§ **Aim of the task**: Transcribe the full listing exactly.
____ Records shown
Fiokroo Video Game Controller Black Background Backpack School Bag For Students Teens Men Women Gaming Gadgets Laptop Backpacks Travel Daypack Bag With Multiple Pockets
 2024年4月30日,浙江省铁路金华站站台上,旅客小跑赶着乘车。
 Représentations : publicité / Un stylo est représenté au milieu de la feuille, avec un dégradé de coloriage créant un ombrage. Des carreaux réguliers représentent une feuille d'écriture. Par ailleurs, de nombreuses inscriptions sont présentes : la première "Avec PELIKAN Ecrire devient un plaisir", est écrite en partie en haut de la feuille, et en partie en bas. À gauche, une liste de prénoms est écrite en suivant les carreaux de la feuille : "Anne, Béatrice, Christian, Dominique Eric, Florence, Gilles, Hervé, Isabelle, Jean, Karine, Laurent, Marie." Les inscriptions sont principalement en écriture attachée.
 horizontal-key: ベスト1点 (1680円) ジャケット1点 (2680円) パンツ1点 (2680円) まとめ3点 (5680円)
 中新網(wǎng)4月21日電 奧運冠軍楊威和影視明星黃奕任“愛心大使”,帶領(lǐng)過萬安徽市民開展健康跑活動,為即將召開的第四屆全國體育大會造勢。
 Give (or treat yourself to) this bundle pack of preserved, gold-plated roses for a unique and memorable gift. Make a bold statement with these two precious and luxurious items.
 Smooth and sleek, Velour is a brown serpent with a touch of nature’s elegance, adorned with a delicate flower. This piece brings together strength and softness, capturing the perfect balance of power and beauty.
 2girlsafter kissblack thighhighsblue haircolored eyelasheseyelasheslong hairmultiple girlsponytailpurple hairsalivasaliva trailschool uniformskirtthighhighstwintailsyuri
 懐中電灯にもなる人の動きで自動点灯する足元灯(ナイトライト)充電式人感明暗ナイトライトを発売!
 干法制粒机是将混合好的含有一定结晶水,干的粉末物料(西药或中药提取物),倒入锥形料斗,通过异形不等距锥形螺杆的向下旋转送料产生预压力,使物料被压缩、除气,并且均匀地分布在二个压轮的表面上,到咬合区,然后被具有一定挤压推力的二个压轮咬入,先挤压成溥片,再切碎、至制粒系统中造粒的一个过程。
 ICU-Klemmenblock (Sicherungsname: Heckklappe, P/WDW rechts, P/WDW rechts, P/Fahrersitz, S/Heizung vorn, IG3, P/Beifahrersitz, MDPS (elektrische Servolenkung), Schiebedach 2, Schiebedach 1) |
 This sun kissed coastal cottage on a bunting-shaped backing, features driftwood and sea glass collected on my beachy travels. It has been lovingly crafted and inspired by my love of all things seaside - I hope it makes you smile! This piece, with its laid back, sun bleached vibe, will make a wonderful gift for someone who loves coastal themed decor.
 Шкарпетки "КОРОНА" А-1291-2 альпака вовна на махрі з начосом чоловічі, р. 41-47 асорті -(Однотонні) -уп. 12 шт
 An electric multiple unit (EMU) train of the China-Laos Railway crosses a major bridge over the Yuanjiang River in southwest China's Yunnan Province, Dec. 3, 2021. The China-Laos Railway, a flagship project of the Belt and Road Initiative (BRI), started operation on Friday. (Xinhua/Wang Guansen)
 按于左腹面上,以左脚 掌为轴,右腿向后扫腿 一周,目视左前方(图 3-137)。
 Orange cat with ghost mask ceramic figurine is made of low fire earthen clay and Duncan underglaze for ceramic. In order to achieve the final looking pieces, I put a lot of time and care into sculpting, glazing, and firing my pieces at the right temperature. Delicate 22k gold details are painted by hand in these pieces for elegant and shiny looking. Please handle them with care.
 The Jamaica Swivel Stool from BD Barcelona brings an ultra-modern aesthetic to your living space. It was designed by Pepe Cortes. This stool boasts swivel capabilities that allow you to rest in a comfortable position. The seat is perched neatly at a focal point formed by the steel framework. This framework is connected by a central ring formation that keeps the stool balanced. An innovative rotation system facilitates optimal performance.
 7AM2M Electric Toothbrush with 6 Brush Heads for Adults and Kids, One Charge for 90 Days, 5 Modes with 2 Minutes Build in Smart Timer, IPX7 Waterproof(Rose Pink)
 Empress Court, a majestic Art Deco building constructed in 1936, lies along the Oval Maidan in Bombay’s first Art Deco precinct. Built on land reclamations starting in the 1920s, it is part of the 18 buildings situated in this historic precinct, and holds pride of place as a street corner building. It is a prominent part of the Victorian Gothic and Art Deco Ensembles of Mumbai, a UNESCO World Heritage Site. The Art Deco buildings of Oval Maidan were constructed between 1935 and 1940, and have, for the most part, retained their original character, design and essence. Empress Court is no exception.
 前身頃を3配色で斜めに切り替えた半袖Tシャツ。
________
§ **Exercise response**:
Fiokroo Video Game Controller Black Background Backpack School Bag For Students Teens Men Women Gaming Gadgets Laptop Backpacks Travel Daypack Bag With Multiple Pockets
 2024年4月30日,浙江省铁路金华站站台上,旅客小跑赶着乘车。
 Représentations : publicité / Un stylo est représenté au milieu de la feuille, avec un dégradé de coloriage créant un ombrage. Des carreaux réguliers représentent une feuille d'écriture. Par ailleurs, de nombreuses inscriptions sont présentes : la première "Avec PELIKAN Ecrire devient un plaisir", est écrite en partie en haut de la feuille, et en partie en bas. À gauche, une liste de prénoms est écrite en suivant les carreaux de la feuille : "Anne, Béatrice, Christian, Dominique Eric, Florence, Gilles, Hervé, Isabelle, Jean, Karine, Laurent, Marie." Les inscriptions sont principalement en écriture attachée.
 horizontal-key: ベスト1点 (1680円) ジャケット1点 (2680円) パンツ1点 (2680円) まとめ3点 (5680円)
 中新網(wǎng)4月21日電 奧運冠軍楊威和影視明星黃奕任“愛心大使”,帶領(lǐng)過萬安徽市民開展健康跑活動,為即將召開的第四屆全國體育大會造勢。
 Give (or treat yourself to) this bundle pack of preserved, gold-plated roses for a unique and memorable gift. Make a bold statement with these two precious and luxurious items.
 Smooth and sleek, Velour is a brown serpent with a touch of nature’s elegance, adorned with a delicate flower. This piece brings together strength and softness, capturing the perfect balance of power and beauty.
 2girlsafter kissblack thighhighsblue haircolored eyelasheseyelasheslong hairmultiple girlsponytailpurple hairsalivasaliva trailschool uniformskirtthighhighstwintailsyuri
 懐中電灯にもなる人の動きで自動点灯する足元灯(ナイトライト)充電式人感明暗ナイトライトを発売!
 干法制粒机是将混合好的含有一定结晶水,干的粉末物料(西药或中药提取物),倒入锥形料斗,通过异形不等距锥形螺杆的向下旋转送料产生预压力,使物料被压缩、除气,并且均匀地分布在二个压轮的表面上,到咬合区,然后被具有一定挤压推力的二个压轮咬入,先挤压成溥片,再切碎、至制粒系统中造粒的一个过程。
 ICU-Klemmenblock (Sicherungsname: Heckklappe, P/WDW rechts, P/WDW rechts, P/Fahrersitz, S/Heizung vorn, IG3, P/Beifahrersitz, MDPS (elektrische Servolenkung), Schiebedach 2, Schiebedach 1) |
 This sun kissed coastal cottage on a bunting-shaped backing, features driftwood and sea glass collected on my beachy travels. It has been lovingly crafted and inspired by my love of all things seaside - I hope it makes you smile! This piece, with its laid back, sun bleached vibe, will make a wonderful gift for someone who loves coastal themed decor.
 Шкарпетки "КОРОНА" А-1291-2 альпака вовна на махрі з начосом чоловічі, р. 41-47 асорті -(Однотонні) -уп. 12 шт
 An electric multiple unit (EMU) train of the China-Laos Railway crosses a major bridge over the Yuanjiang River in southwest China's Yunnan Province, Dec. 3, 2021. The China-Laos Railway, a flagship project of the Belt and Road Initiative (BRI), started operation on Friday. (Xinhua/Wang Guansen)
 按于左腹面上,以左脚 掌为轴,右腿向后扫腿 一周,目视左前方(图 3-137)。
 Orange cat with ghost mask ceramic figurine is made of low fire earthen clay and Duncan underglaze for ceramic. In order to achieve the final looking pieces, I put a lot of time and care into sculpting, glazing, and firing my pieces at the right temperature. Delicate 22k gold details are painted by hand in these pieces for elegant and shiny looking. Please handle them with care.
 The Jamaica Swivel Stool from BD Barcelona brings an ultra-modern aesthetic to your living space. It was designed by Pepe Cortes. This stool boasts swivel capabilities that allow you to rest in a comfortable position. The seat is perched neatly at a focal point formed by the steel framework. This framework is connected by a central ring formation that keeps the stool balanced. An innovative rotation system facilitates optimal performance.
 7AM2M Electric Toothbrush with 6 Brush Heads for Adults and Kids, One Charge for 90 Days, 5 Modes with 2 Minutes Build in Smart Timer, IPX7 Waterproof(Rose Pink)
 Empress Court, a majestic Art Deco building constructed in 1936, lies along the Oval Maidan in Bombay’s first Art Deco precinct. Built on land reclamations starting in the 1920s, it is part of the 18 buildings situated in this historic precinct, and holds pride of place as a street corner building. It is a prominent part of the Victorian Gothic and Art Deco Ensembles of Mumbai, a UNESCO World Heritage Site. The Art Deco buildings of Oval Maidan were constructed between 1935 and 1940, and have, for the most part, retained their original character, design and essence. Empress Court is no exception.
 前身頃を3配色で斜めに切り替えた半袖Tシャツ。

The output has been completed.